■ **Exercise prompt**
Down to the last line, restate the records word for word, but not the pictures.

--- --- ---

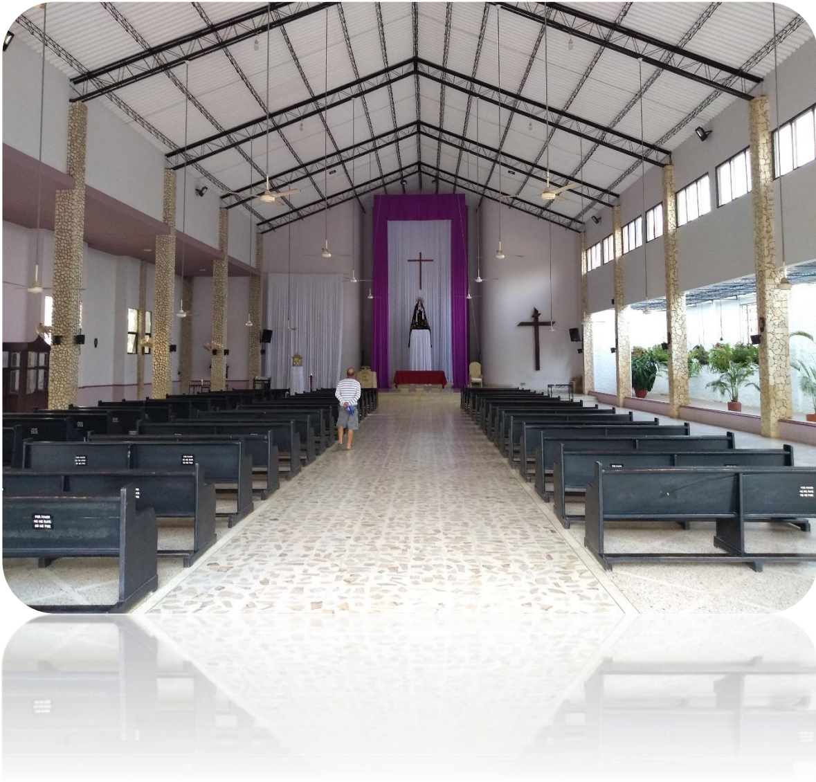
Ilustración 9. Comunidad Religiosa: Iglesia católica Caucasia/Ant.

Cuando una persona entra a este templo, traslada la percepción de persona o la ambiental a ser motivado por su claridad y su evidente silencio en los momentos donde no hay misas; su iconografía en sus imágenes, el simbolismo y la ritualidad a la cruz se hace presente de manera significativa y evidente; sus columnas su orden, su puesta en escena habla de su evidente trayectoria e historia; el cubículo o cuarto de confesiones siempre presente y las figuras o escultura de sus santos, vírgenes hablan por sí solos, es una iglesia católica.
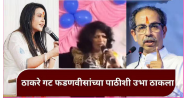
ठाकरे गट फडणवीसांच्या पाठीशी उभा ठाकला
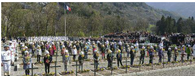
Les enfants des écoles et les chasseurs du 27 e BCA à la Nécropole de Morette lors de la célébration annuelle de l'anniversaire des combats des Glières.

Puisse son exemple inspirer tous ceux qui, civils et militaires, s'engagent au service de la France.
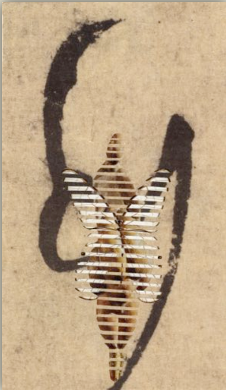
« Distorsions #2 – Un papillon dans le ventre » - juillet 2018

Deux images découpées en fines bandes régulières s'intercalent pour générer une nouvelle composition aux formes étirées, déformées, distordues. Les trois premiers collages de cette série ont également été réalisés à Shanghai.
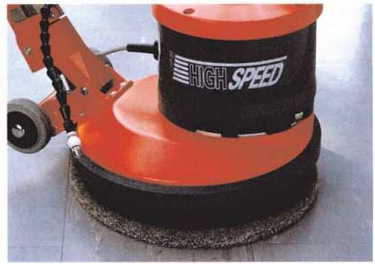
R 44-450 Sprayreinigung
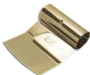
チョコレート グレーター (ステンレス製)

--- --- ---

■ **Reply to the exercise**
Ilustración 9. Comunidad Religiosa: Iglesia católica Caucasia/Ant.

Cuando una persona entra a este templo, traslada la percepción de persona o la ambiental a ser motivado por su claridad y su evidente silencio en los momentos donde no hay misas; su iconografía en sus imágenes, el simbolismo y la ritualidad a la cruz se hace presente de manera significativa y evidente; sus columnas su orden, su puesta en escena habla de su evidente trayectoria e historia; el cubículo o cuarto de confesiones siempre presente y las figuras o escultura de sus santos, vírgenes hablan por sí solos, es una iglesia católica.
ठाकरे गट फडणवीसांच्या पाठीशी उभा ठाकला
Les enfants des écoles et les chasseurs du 27 e BCA à la Nécropole de Morette lors de la célébration annuelle de l'anniversaire des combats des Glières.

Puisse son exemple inspirer tous ceux qui, civils et militaires, s'engagent au service de la France.
« Distorsions #2 – Un papillon dans le ventre » - juillet 2018

Deux images découpées en fines bandes régulières s'intercalent pour générer une nouvelle composition aux formes étirées, déformées, distordues. Les trois premiers collages de cette série ont également été réalisés à Shanghai.
R 44-450 Sprayreinigung
チョコレート グレーター (ステンレス製)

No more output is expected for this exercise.